Bouteflika clé de voûte du système au pouvoir
Longtemps, l’Algérie a été dirigée par un triumvirat officieux. Il consistait en un accord entre l’État major, les services de Renseignement et la haute administration. Bouteflika a en son temps essayé de combattre ce système annonçant lui-même ne pas vouloir être « un trois quarts de président ».
Du fait de ses problèmes de santé en 2005 et 2013 il a dû officieusement déléguer une partie de ses pouvoirs. Aujourd’hui, l’État algérien est en équilibre entre le président et son entourage. Notamment, on le suppose, son frère Saïd, le général Ahmed Gaïd Salah, chef d’État major et les hommes d’affaires influents de l’économie algérienne.
Le politologue Tarek Alaouache décrivait en 2014 « un système de gouvernement complexe dont l’émergence, le fonctionnement et la survie ne dépendent ni d’un homme en particulier, ni d’un clan et encore moins d’une instance en tant que telle. »
Abdelaziz Bouteflika joue dans ce système, le rôle de pierre angulaire. Il est le lien avec la population grâce à son passé et il est le terrain d’entente des élites qui contrôlent le pays. Il est la clé de voûte de l’Algérie.
L’annonce de sa candidature n’est pas étonnante. Antoine Basbous, politologue, explique : « Toute l’opération du cinquième mandat a été préparée par une série de purges à la tête du Sénat, du FLN, de la police, pour installer des inconditionnels du clan présidentiel. » Le nouveau président du Conseil constitutionnel Tayeb Belaïz est un fidèle de Bouteflika. Sécuriser ce poste était d’autant plus important que c’est au Conseil constitutionnel de voter le possible déclenchement de la procédure d’empêchement du président selon l’article 88 de la constitution algérienne.
Revanche de la génération Bouteflika
Étant au pouvoir depuis presque 20 ans il est apparu ce qu’on pourrait appeler, la « génération Bouteflika ». D’après le recensement de 2017, 53,2 % de la population algérienne à 29 ans ou moins, le chômage chez les 16 à 24 ans serait de 26,2 %.

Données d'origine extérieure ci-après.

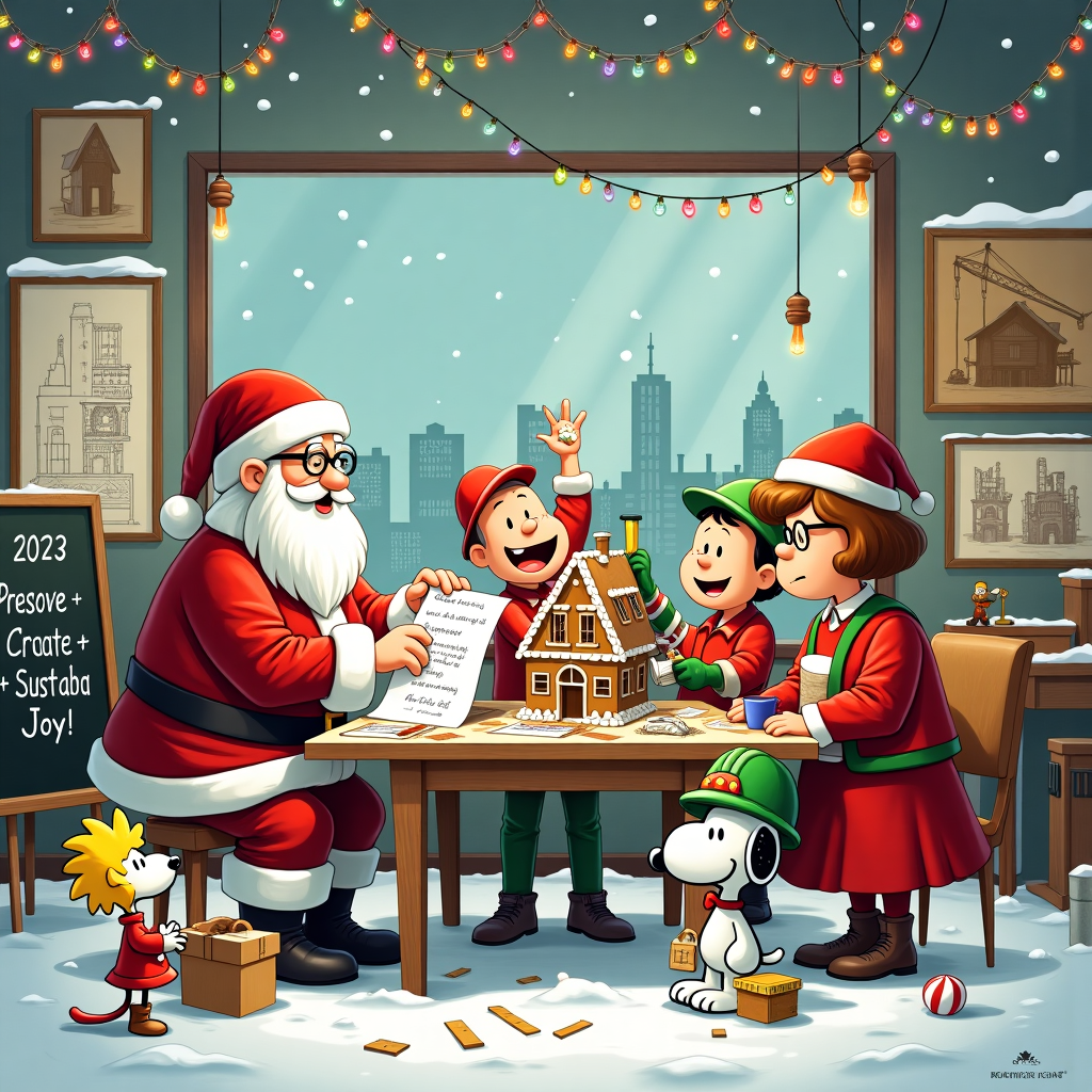 In the background, a group of elves, equipped with tiny hard hats and tool belts, are busy constructing a model of a gingerbread house, complete with gumdrop windows and licorice beams. This model sits on a snow-dusted drafting table, surrounded by scattered candy-cane rulers and chocolate square samples, illustrating the playful blend of festive cheer and architectural precision.

L’Algérie souffre aussi de sa dépendance aux hydrocarbures qui représentent 34 % des recettes fiscales et 95 % des exportations. Depuis 2014 le solde du budget algérien est négatif. L’Algérie dépend de l’export de gaz et de pétrole pour son apport en dollars. Le pouvoir achète la paix sociale grâce à des subventions importantes, mais cette politique a fait fondre sa réserve de change, elle a été divisée par plus de la moitié entre 2013 et 2018. Pour équilibrer le budget, la banque centrale utilise la planche à billets, une technique dangereuse qui peut finir en une fuite en avant et en une hyperinflation.
L’annonce de la candidature de Bouteflika aux prochaines élections, le 10 février dernier, a déclenché de vives réactions négatives. La jeunesse avait accepté le mandat 2014-2019 en pensant soit à une amélioration de sa santé, soit à son départ. À la vision de ce président affaibli et usé par le pouvoir, les jeunes se sentent floués.
Les premières manifestations se sont déroulées le vendredi 22 février à l’appel du collectif Mouwatana. Mouwatana qui est un abrégé de « citoyenneté et démocratie » en arabe et un mouvement d’opposition créé le 10 juin 2018 qui vise à un renouveau plus démocratique en Algérie.
Les protestations sont apparues dans de nombreuses wilayas (départements) et ont surpris le pouvoir. Les démonstrations se sont succédé samedi et dimanche. La police d’abord très pacifique le vendredi, semble avoir largement durci son action avec des arrestations (41 personnes) et une plus grande utilisation de moyens de dispersion (lacrymogènes, balles en caoutchouc).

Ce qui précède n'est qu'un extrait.